Brain imaging of the adenosine A2A receptor in schizophrenia

ISRCTN ISRCTN05808181
DOI https://doi.org/10.1186/ISRCTN05808181
Secondary identifying numbers Ver 1.1 dated 04/11/2013
Submission date
03/02/2014
Registration date
10/02/2014
Last edited
15/05/2018
Recruitment status
No longer recruiting
Overall study status
Completed
Condition category
Mental and Behavioural Disorders
Prospectively registered
Protocol
Statistical analysis plan
Results
Individual participant data
Record updated in last year

Plain English summary of protocol

Background and study aims
Schizophrenia is a mental disorder affecting nearly 1% of the population. An imbalance of chemicals in the brain is thought to be the major cause of the disease. As a result, multiple factors have been associated with the disorder and evidence from post-mortem patient brains often guide research in understanding this disorder. One such protein known as the adenosine A2A receptor (A2AR) has been reported to increase up to 70%. We want to first measure whether such an increase exists in living patients and secondly we want to rule out the role of antipsychotic medication contributing to this increase. To do so we will employ a specific molecule (a radiotracer which has been previously used in human subjects) that can be labelled with a small amount of radioactivity and imaged using positron imaging tomography (PET).

Who can participate?
Men aged 20-55 years old, including both healthy volunteers and patients with a diagnosis of schizophrenia.

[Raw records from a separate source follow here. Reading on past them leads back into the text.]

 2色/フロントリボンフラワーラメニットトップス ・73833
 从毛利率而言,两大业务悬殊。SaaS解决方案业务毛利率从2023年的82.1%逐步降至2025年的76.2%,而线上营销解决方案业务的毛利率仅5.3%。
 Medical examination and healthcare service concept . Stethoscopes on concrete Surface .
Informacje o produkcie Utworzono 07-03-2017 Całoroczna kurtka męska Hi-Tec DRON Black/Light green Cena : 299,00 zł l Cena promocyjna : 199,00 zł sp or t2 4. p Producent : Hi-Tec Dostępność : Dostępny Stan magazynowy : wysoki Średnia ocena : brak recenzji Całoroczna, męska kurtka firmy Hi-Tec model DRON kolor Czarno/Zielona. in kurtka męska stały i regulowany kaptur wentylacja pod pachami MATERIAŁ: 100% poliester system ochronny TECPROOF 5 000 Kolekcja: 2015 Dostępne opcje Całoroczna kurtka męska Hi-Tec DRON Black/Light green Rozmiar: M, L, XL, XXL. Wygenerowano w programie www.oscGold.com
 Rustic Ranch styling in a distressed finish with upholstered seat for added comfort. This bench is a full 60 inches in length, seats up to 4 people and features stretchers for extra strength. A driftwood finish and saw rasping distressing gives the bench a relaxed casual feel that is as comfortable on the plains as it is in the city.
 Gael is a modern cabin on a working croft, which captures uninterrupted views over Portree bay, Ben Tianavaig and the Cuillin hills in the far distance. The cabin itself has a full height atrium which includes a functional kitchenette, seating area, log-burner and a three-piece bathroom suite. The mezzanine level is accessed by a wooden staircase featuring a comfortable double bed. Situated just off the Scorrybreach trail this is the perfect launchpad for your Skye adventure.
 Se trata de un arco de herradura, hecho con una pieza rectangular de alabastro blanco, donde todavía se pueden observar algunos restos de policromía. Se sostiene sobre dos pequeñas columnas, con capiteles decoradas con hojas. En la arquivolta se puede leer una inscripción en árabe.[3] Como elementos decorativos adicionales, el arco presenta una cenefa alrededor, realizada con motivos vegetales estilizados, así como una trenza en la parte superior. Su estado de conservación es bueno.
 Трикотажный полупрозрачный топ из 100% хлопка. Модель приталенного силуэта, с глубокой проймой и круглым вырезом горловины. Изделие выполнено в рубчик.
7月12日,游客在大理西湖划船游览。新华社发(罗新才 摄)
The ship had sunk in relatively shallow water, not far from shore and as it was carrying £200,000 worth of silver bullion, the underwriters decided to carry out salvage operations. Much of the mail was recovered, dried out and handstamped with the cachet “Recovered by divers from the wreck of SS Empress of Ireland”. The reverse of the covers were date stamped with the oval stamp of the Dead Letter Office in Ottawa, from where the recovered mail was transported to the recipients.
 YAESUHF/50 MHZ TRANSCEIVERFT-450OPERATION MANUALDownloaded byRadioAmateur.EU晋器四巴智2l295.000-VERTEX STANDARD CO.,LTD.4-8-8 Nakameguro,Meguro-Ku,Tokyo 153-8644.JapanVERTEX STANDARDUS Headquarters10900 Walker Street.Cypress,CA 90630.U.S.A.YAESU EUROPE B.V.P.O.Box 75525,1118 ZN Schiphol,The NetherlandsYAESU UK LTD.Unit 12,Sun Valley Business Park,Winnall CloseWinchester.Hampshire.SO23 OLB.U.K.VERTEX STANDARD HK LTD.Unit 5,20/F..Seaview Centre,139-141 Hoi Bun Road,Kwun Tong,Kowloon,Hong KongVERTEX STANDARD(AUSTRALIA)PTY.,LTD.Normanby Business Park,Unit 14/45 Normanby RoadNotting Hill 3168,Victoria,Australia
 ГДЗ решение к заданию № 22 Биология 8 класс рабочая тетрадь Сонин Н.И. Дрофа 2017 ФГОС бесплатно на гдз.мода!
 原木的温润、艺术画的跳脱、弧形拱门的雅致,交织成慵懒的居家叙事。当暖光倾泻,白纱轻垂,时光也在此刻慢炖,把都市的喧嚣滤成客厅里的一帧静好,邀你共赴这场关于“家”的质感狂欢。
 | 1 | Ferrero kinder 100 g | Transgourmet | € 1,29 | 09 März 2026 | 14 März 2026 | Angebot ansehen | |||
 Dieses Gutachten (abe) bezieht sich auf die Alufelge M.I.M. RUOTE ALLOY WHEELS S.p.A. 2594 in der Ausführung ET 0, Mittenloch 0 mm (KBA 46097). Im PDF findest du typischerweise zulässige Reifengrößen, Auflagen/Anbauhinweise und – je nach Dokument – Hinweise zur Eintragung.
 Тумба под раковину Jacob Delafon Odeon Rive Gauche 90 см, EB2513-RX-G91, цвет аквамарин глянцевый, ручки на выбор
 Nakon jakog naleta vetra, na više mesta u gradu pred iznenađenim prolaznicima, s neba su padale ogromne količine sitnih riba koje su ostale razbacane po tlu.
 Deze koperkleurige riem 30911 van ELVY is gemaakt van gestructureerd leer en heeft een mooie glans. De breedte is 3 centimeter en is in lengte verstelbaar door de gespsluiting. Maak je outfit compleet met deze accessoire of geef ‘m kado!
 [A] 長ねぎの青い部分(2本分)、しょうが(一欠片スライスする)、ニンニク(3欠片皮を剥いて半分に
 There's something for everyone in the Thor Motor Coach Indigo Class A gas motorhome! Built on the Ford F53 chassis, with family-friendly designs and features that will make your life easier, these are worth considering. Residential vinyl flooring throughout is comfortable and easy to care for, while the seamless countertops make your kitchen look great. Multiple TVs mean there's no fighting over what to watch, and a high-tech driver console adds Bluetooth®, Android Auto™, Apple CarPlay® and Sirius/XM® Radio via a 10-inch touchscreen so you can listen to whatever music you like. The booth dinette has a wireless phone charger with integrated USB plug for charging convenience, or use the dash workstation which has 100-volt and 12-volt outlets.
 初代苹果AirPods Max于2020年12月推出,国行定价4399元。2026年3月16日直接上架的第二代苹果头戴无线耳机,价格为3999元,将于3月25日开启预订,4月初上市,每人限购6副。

What does the study involve?
The A2A receptor levels in the brain will be estimated using a PET radiotracer. Each subject will undergo a single PET and MRI scan. The MRI scan will provide brain structural information to map the radioactive tracer signal imaged by the scanner. Six un-medicated and six medicated subjects diagnosed with schizophrenia will be compared to six age-matched healthy volunteers. We have a database of 12 healthy volunteers previously examined with the PET radiotracer and if adequate age-matched healthy volunteer data sets are not available, we will recruit up to six healthy volunteers to carry out the comparison.

What are the possible benefits and risks of participating?
There are no direct benefits to volunteers participating in the study. However, information from the study will help design new therapies targeting the A2A receptor to treat schizophrenia.
Arterial/venous cannulation and blood sampling can cause local bruising and infection. The major risk due to PET scans is the risk of exposure to radiation.

Where is the study run from?
The initial screening of healthy volunteers and patients will be done at the Institute of Psychiatry, King’s College London (Denmark Hill Campus), UK. The brain scanning will be done at IMANOVA Ltd, Hammersmith, London, UK.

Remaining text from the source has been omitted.